29% of Americans have trouble managing their debt. 3 tips for managing yours
Debt can be a major drag. Here’s how to approach yours.
- A new survey reveals that consumer debt is a problem for many Americans.
- Here are some tips for tackling your debt and paying it off more effectively.
Americans, generally speaking, are no strangers to consumer debt. But that doesn’t mean they aren’t stressed about it. In a recent New York Life poll, 29% of Americans who feel less confident in their finances than before are facing debt management issues. If that sounds like you, here are three essential things to do.
1. Recognize the difference between healthy debt and bad debt
You may have a mix of debts in your name, and it’s important to know which ones you should try to eliminate first. Mortgage debt is considered a healthy type to have. A mortgage loan allows you to eventually own a house, and that house could gain or retain its value over time.
A car loan is also a fairly healthy type of debt. Although cars generally do not increase in value over time, they are an essential asset and they are worth money even as it gets older. Also, auto loans, like mortgages, tend to come with fixed monthly payments.
Credit card debt, on the other hand, is usually bad news. Not only do credit cards charge a lot of interest, they often charge variable interest, making it difficult to predict your true cost of ownership.
The expenses you charge to a credit card may be just that – expenses, as opposed to assets that are worth a significant amount of money. You don’t necessarily have to worry about paying off your mortgage or car loan as quickly as possible, but you should aim to knock out your credit card balances as soon as you can.

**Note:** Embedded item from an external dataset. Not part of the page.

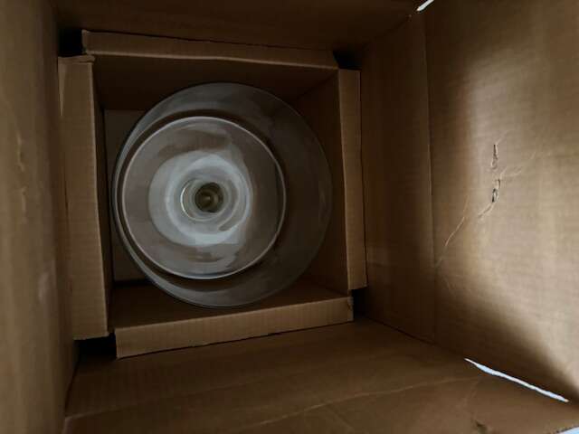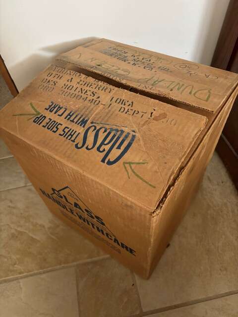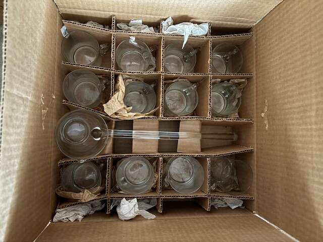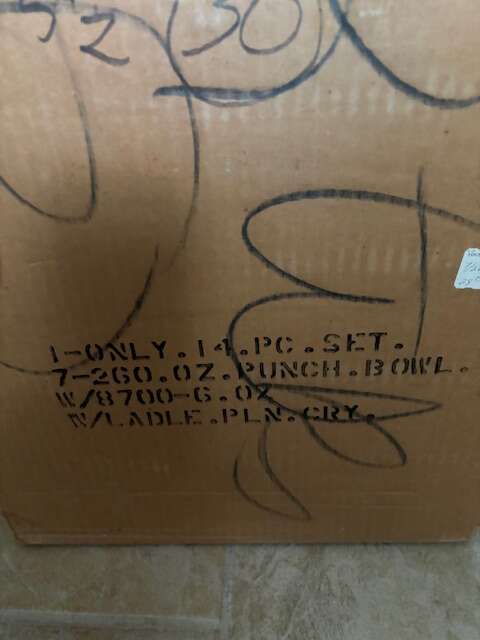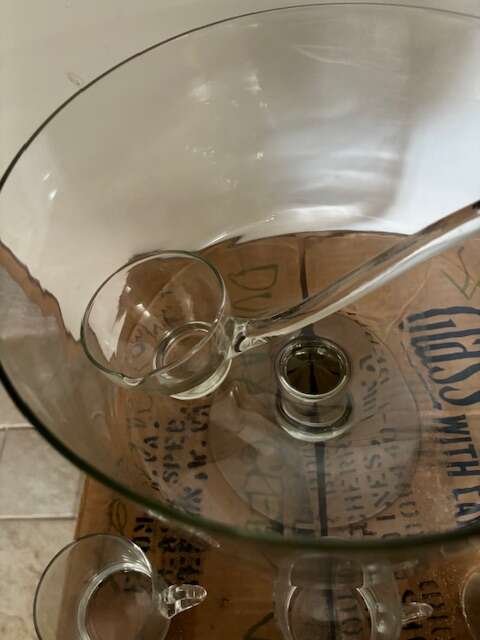 High footed punch bowl with ladle and 12 hand blown glasses. In original boxes $100

2. Rework your spending to free up money for unhealthy debt
If you want to pay off your credit cards sooner, cutting back on non-essential spending should help free up some cash that you can use to pay down your balances. Take a look at your budget, or create one if you don’t already have one, and see how much you can save by reducing your spending in categories like entertainment and restaurants. You may even be able to reduce your spending on essentials like groceries and household products if you start looking for sales and shopping more effectively.
3. Consolidate your credit card balances to pay them off at a lower cost
If you owe money on different credit cards, consolidating your debt could make it easier to track and manage. It could also make it cheaper to repay.

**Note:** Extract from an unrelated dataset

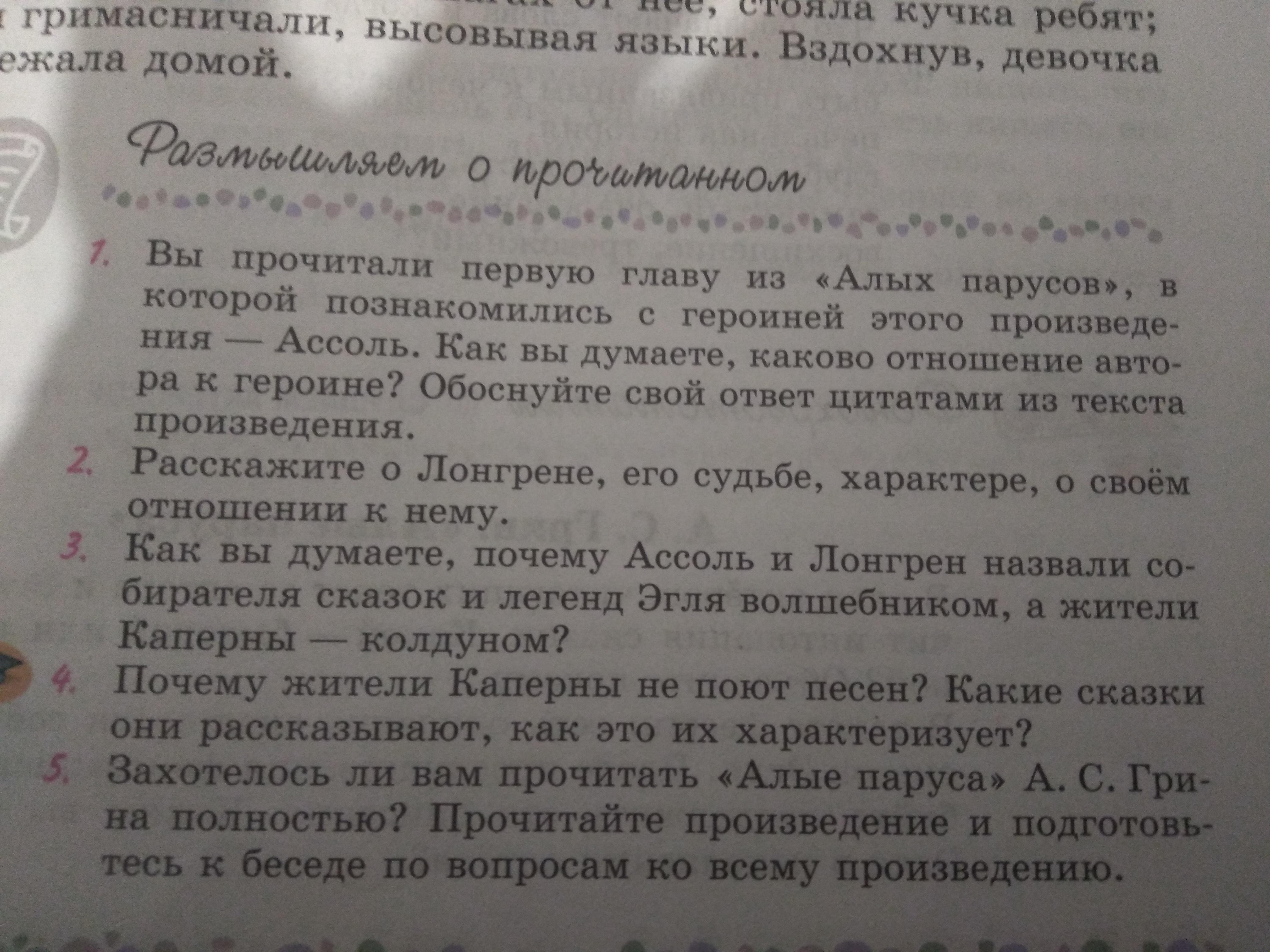 «Ассоль было уже пять лет, и отец начинал всё мягче и мягче улыбаться, посматривая на её нервное, доброе личико, когда, сидя у него на коленях, она трудилась над тайной застегнутого жилета или забавно напевала матросские песни — дикие ревостишия.»

One option to consider is a balance transfer, where you transfer your existing credit card balances to a single card with a lower interest rate (or, better yet, to a card with an introductory period where you don’t pay no interest). If you can’t qualify for a balance transfer or don’t want to get one, a personal loan is another option for consolidating your debt. The interest rate you are charged on one of these loans will likely be much lower than what your credit cards charge.
If you own a home and have high net worth (which may be the case today since home values are rising nationally), you may also want to consider doing a cash refinance. This option allows you to borrow more than the remaining balance of your mortgage and use the money you receive for whatever purpose you choose.
Debt-related struggles can impact your well-being and make you feel bad about your finances. If this is the situation you find yourself in, follow these three steps to get your debt under control and get rid of the unhealthy part of it as quickly as possible.